South African Airways (SAA) draws flak for everything: from its service and personnel to its obviously bankrupt state. Much of that criticism is deserved but, at the same time, there are many competent, professional people working in the airline which, as international awards show, is still the best in Africa.
We report today on a secret plan to axe almost 20% of the airline’s routes, meaning about 700 local and international flights stand to be cut. Many SAA staffers, from pilots to cabin crew and office personnel, could lose their jobs – a tragedy in the present economic climate.
However, there can be no denying that strong medicine is needed if the ailing company is to be nursed back to health … and specifically to a state where it is no longer a drain on taxpayers’ money.
There has been some criticism of another tentative government plan to sell off shares in Telkom to fund a R10 billion injection for SAA, with opponents saying that a profitable parastatal or partly privatised state entity should not be used to support an unprofitable one.

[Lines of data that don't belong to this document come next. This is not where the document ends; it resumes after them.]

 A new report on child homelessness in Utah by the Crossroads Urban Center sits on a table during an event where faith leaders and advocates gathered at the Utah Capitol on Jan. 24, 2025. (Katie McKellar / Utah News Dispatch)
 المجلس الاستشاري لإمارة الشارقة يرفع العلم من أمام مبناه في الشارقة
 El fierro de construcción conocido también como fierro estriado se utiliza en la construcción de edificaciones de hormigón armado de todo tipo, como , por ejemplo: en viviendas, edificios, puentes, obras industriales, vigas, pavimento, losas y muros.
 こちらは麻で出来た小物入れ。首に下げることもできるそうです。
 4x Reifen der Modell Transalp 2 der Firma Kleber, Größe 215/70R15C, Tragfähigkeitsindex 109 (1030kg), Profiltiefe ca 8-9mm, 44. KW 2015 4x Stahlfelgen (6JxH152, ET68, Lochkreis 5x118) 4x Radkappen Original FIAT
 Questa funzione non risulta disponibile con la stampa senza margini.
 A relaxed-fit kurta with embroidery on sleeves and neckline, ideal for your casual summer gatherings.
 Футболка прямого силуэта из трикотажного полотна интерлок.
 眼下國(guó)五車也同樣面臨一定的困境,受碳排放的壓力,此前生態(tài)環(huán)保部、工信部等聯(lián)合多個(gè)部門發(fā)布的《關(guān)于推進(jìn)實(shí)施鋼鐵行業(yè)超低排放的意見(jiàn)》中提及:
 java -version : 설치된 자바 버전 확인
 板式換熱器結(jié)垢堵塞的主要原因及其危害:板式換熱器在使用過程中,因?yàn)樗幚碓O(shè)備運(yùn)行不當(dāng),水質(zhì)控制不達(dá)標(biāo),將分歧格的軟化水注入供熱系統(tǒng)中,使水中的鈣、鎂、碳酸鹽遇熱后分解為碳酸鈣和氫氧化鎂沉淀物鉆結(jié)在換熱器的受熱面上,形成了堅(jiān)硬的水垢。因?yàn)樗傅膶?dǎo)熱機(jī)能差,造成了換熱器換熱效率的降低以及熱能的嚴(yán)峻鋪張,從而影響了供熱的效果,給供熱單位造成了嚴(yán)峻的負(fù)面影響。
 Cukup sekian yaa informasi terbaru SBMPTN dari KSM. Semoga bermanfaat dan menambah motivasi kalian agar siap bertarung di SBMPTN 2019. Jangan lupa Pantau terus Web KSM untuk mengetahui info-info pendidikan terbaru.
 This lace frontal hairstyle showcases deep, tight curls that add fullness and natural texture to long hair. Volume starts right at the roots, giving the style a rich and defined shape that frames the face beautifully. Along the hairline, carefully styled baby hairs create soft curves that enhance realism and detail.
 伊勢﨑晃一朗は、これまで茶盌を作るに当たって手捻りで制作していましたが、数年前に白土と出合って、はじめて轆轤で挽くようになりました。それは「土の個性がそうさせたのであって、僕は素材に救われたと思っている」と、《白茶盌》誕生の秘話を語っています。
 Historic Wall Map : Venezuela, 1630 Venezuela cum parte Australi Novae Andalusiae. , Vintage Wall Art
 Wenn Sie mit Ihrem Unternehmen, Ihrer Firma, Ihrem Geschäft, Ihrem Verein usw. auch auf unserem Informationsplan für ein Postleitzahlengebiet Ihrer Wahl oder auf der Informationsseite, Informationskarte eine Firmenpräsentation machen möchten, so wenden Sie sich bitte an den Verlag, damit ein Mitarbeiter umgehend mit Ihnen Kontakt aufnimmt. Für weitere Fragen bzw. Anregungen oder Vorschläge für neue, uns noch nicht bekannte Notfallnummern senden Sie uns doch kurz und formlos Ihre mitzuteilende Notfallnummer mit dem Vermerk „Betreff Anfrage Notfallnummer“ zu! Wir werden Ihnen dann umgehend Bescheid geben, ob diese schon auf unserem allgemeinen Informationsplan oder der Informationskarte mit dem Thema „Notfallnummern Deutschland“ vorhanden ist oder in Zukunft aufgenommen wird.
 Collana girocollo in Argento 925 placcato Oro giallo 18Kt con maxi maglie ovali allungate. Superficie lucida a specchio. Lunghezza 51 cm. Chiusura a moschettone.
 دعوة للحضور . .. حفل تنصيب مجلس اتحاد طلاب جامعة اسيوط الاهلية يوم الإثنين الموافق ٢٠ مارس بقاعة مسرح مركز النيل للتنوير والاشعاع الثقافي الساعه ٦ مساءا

But as long as that R10 billion is marked as the final bailout and as long as the harsh measures are taken, we see some light at the end of the tunnel. There is overstaffing within the airline and a number of unprofitable routes were started to satisfy government – both past and present – egos.
There is also no doubt that SAA board chairperson Dudu Myeni has been a one-person financial wrecking ball: she has forced out talented and capable managers, as well as interfered in a questionable manner in aircraft fleet matters, SAA is heading for turbulence, but with a clear flight plan and steady hands at the controls, it can emerge into clear financial skies and, once again, fly high.